Inspired thereof, the leitmotif has been carried with conviction in other parts of the country as well. Karnataka, a state with a population of sixty million, is currently being criss-crossed by a team of dedicated teachers, not least by some who are fellows of the Faculty of Pain Medicine of the Royal College of Anaesthetists. To postulate a golden age for pain education – in our exuberance, though there is nothing irrational in it – would be to cast a jaundiced eye on all that came before. The brilliant Russian chemist Dmitri Mendeleev had a considerable penchant for Sanskrit – the liturgical and philosophical language of many a religion in India. One should excuse us for feeling like Dmitri in 1869, sitting in his study and organising the elements into a periodic table. Like Dmitri’s, there are as yet many more missing elements to our efforts. But, like him, we are sure enough that our table is right. We have no qualms about leaving the blank spaces.
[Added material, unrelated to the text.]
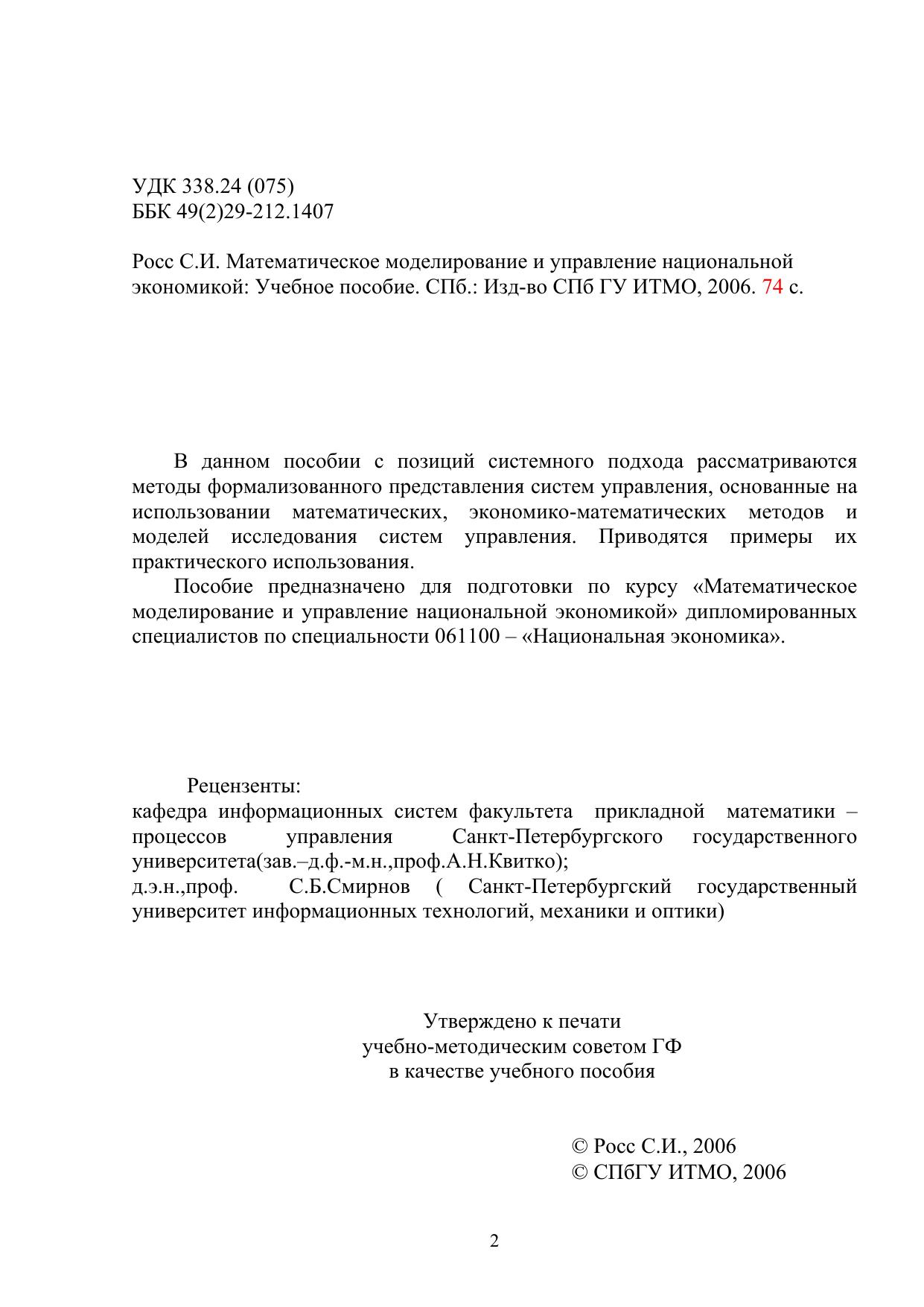 В данном пособии с позиций системного подхода рассматриваются методы формализованного представления систем управления, основанные на использовании математических, экономико-математических методов и моделей исследования систем управления. Приводятся примеры их практического использования. Пособие предназначено для подготовки по курсу «Математическое моделирование и управление национальной экономикой» дипломированных специалистов по специальности 061100 – «Национальная экономика».

We hope that the future, full with the spirit of volunteerism, would prove us right by filling in the blank spaces. We hope that the Indian elections – that refreshing celebration of democracy – would still be part of that future.
The article was published in the 2014 Spring Edition of the British Pain Society Newsletter.
The sentence with reference to the NDPS act and the Indian elections have been modified to accurately reflect current circumstances.